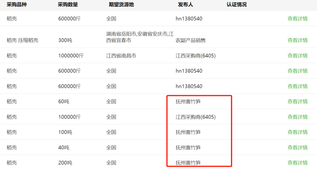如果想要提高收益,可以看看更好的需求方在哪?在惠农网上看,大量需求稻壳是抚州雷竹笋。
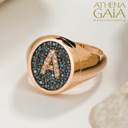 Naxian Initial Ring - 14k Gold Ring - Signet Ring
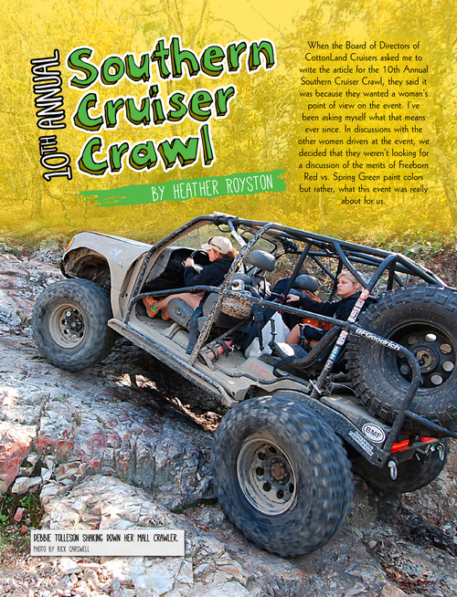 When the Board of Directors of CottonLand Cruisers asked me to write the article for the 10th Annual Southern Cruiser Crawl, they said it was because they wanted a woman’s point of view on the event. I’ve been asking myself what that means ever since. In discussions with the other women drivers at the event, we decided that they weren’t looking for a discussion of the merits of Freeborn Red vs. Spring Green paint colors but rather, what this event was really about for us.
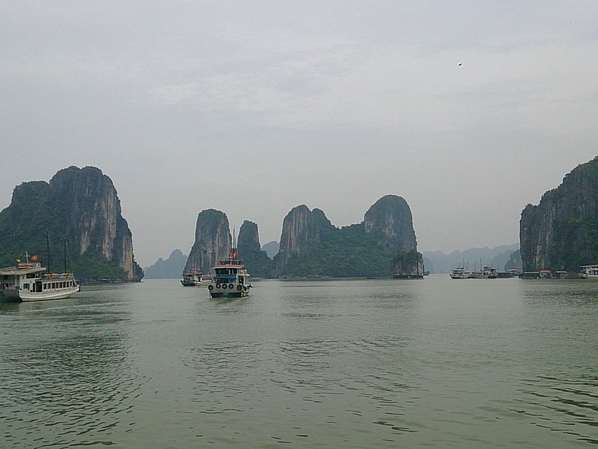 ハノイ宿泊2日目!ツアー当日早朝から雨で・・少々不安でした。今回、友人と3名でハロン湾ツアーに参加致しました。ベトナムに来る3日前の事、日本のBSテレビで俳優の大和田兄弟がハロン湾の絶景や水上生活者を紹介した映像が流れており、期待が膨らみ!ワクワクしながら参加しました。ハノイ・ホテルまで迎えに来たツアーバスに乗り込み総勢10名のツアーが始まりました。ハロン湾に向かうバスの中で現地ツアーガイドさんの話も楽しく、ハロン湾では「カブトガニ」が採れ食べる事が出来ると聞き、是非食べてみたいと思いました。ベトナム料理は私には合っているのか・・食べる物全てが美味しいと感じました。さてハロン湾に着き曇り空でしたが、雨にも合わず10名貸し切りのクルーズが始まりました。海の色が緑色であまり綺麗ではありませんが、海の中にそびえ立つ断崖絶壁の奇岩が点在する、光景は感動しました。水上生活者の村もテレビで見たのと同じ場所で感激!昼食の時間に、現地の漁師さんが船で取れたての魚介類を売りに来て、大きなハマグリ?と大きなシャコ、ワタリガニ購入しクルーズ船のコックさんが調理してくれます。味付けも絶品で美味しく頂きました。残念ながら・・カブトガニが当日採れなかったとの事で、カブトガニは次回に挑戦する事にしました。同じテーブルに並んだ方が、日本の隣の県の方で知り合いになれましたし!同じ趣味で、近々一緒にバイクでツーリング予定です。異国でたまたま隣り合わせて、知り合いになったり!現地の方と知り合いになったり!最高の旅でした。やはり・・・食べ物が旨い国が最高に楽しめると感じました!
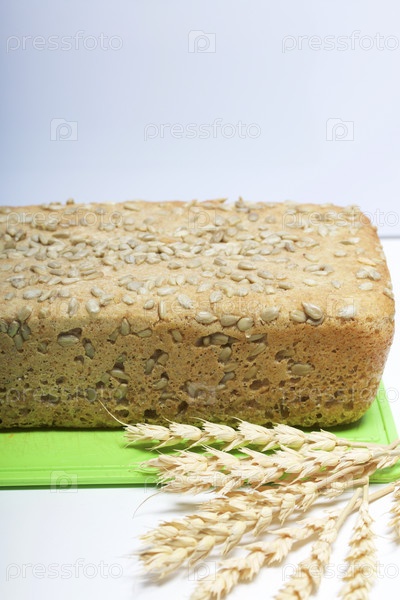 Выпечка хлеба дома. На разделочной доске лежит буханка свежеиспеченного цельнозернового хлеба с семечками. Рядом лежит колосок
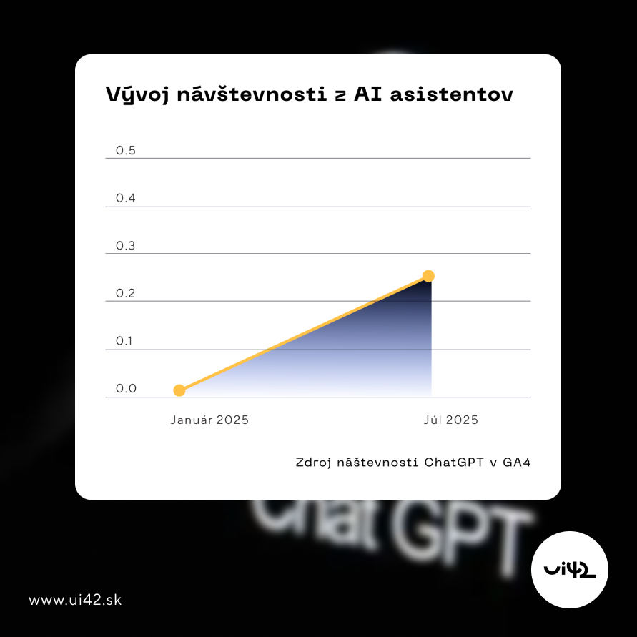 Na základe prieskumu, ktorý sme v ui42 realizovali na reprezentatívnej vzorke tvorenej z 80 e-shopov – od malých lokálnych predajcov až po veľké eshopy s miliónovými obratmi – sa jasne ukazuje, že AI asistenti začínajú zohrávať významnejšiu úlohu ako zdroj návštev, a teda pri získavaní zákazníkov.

==

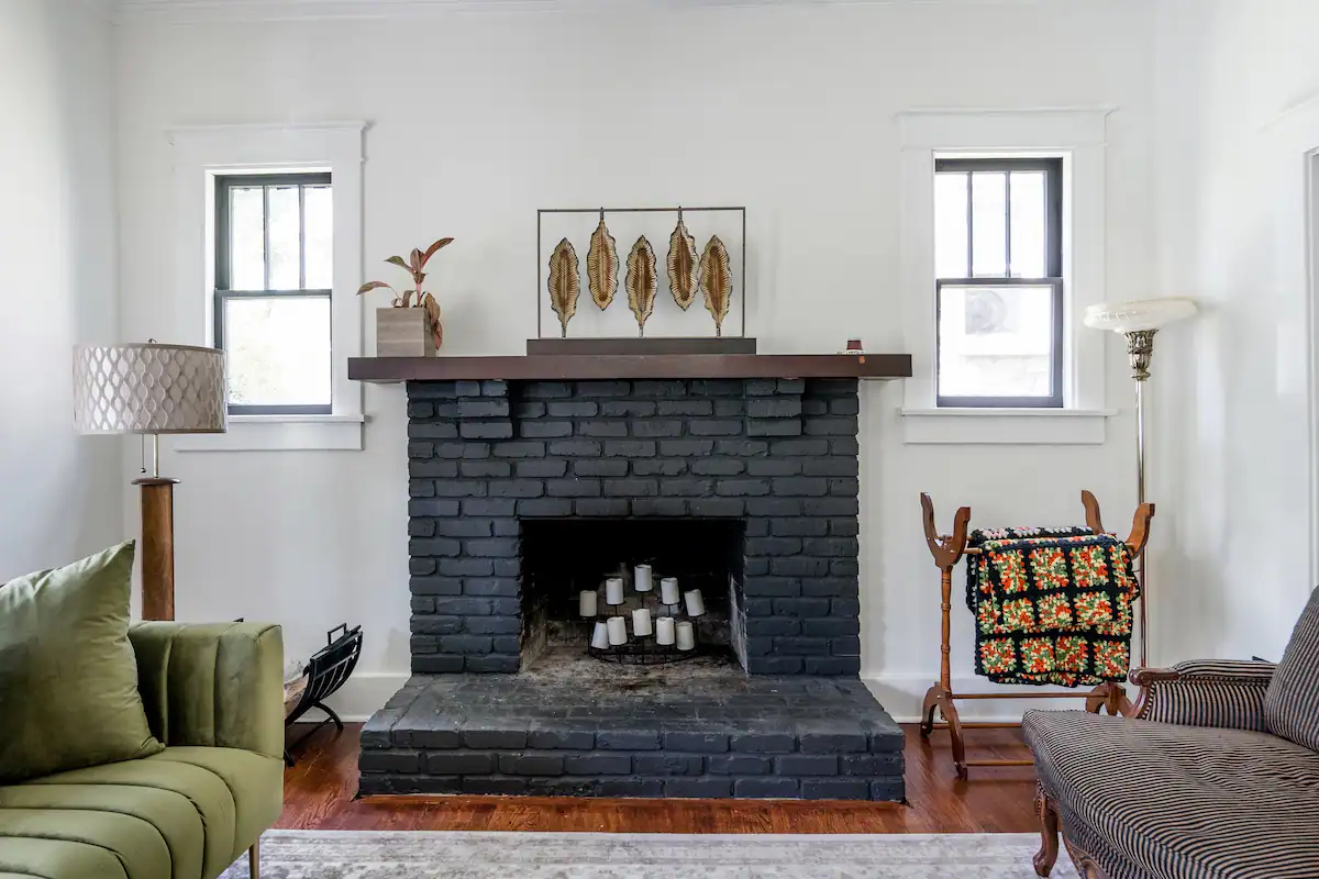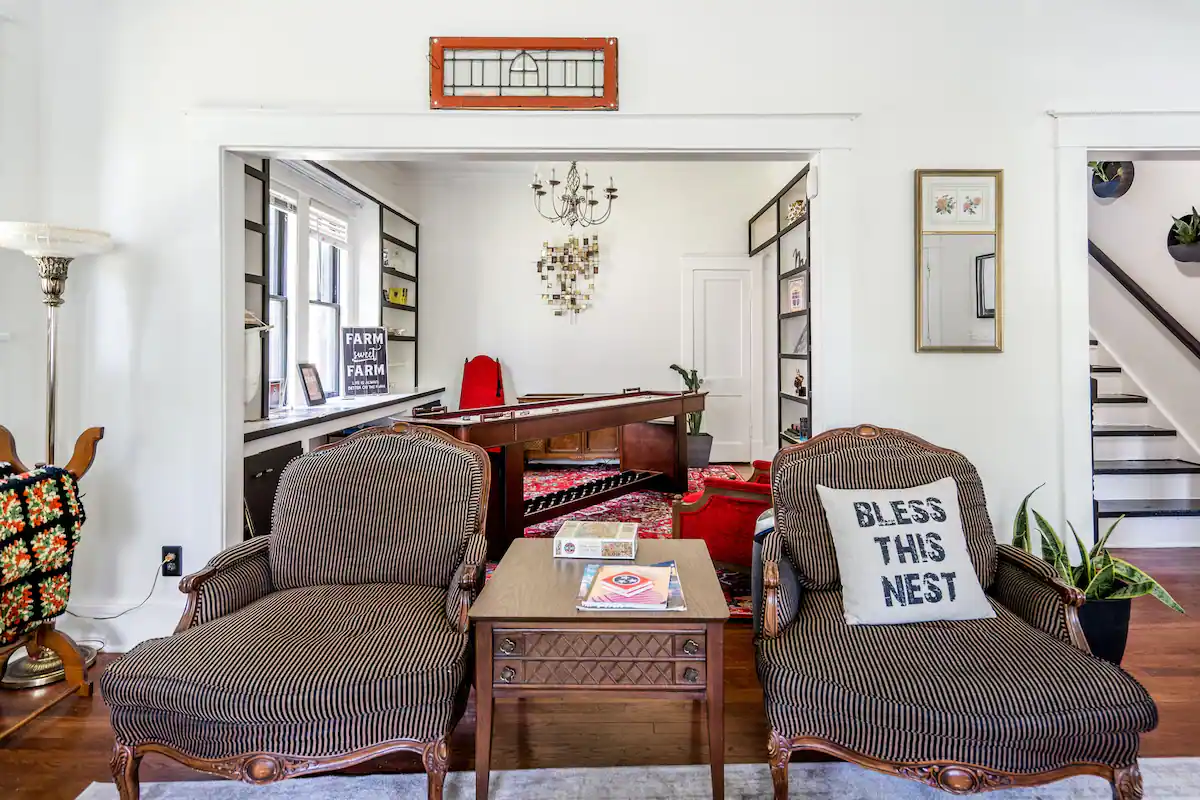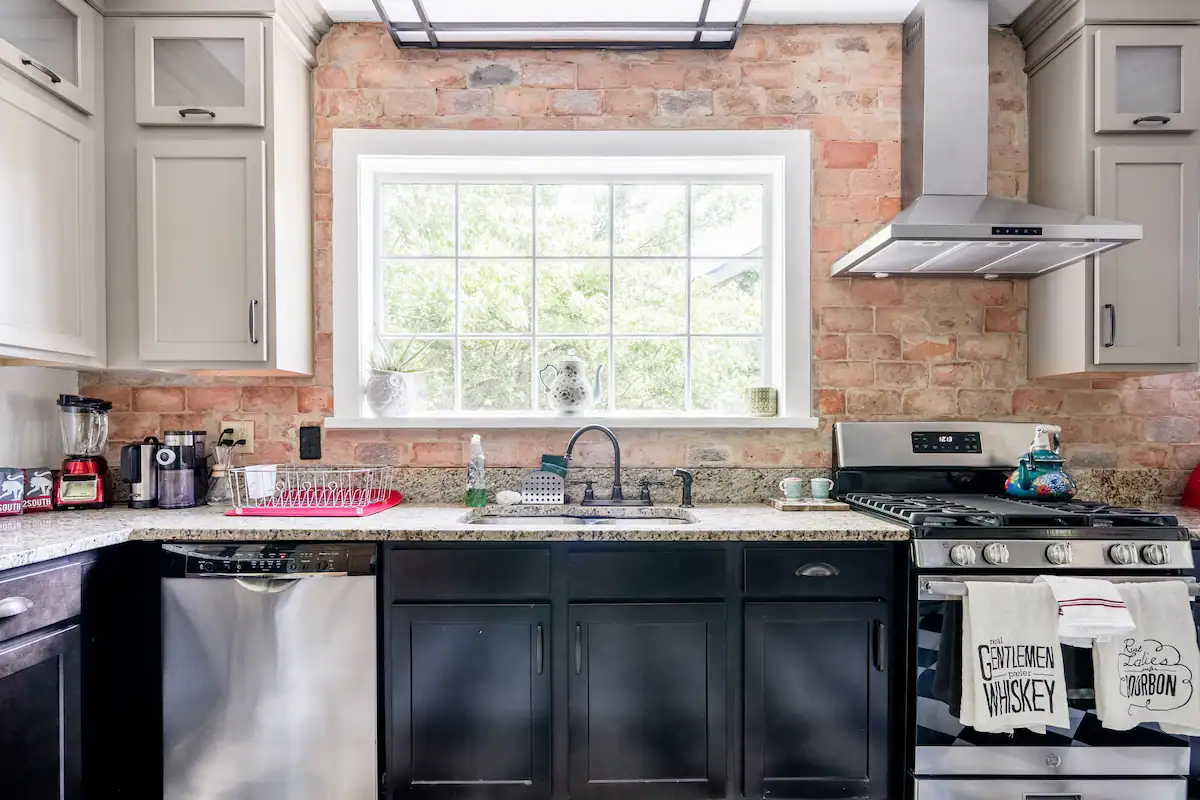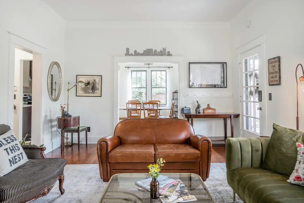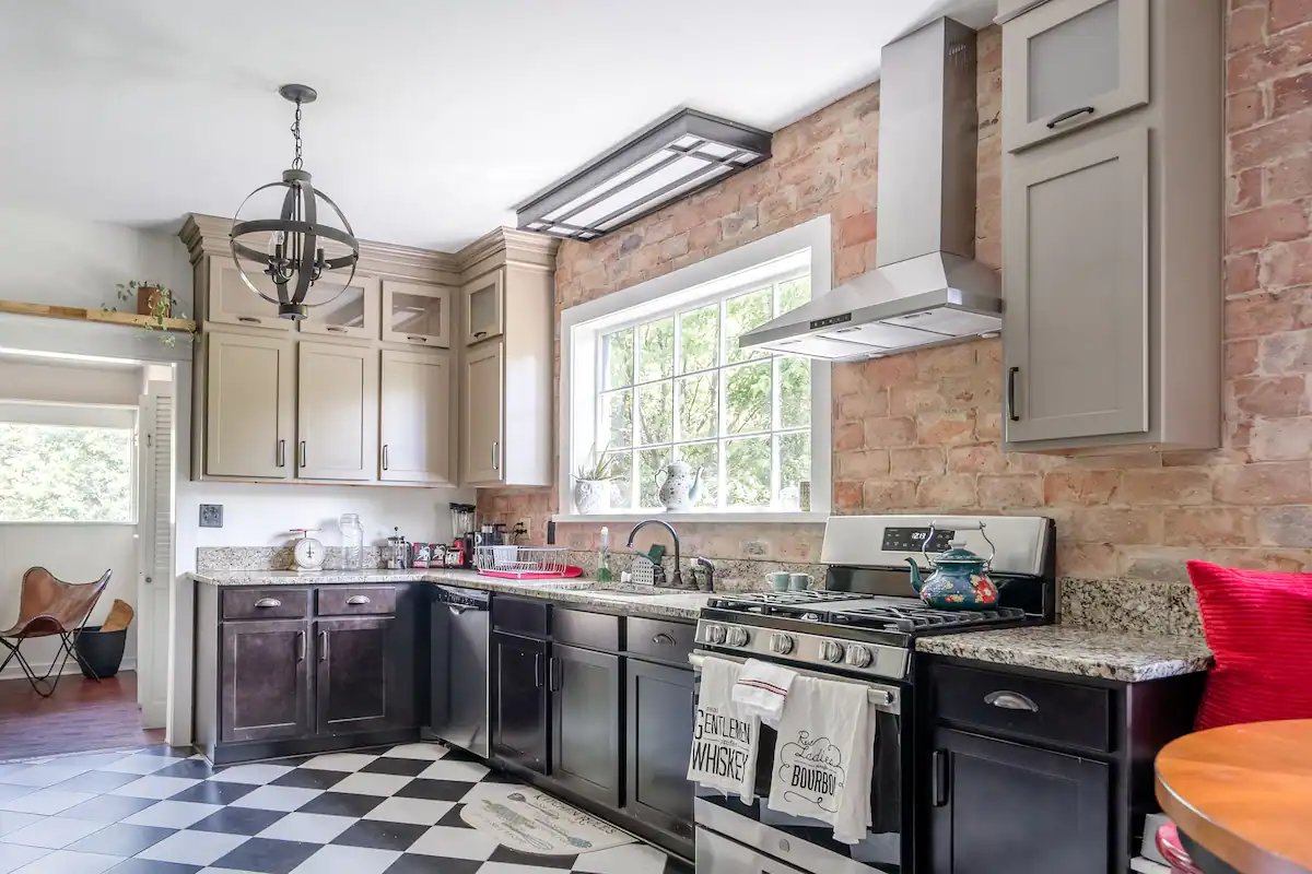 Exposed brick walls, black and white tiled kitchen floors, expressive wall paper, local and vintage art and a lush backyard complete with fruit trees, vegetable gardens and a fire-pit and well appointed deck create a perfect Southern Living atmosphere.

* * *

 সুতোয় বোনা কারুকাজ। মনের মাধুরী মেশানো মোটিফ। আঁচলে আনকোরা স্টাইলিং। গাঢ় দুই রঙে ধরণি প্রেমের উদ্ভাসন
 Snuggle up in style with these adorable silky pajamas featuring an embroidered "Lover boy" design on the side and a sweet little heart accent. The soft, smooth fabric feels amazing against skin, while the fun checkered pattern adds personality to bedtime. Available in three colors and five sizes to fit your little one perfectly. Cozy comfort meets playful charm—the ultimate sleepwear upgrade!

PROBLEM TO WORK ON: Pictures excluded, give again exactly and only the lines of the material above from the line with "Выпечка хлеба дома." through the line with "Na základe prieskumu, ktorý".

REPLY:
 Выпечка хлеба дома. На разделочной доске лежит буханка свежеиспеченного цельнозернового хлеба с семечками. Рядом лежит колосок
 Na základe prieskumu, ktorý sme v ui42 realizovali na reprezentatívnej vzorke tvorenej z 80 e-shopov – od malých lokálnych predajcov až po veľké eshopy s miliónovými obratmi – sa jasne ukazuje, že AI asistenti začínajú zohrávať významnejšiu úlohu ako zdroj návštev, a teda pri získavaní zákazníkov.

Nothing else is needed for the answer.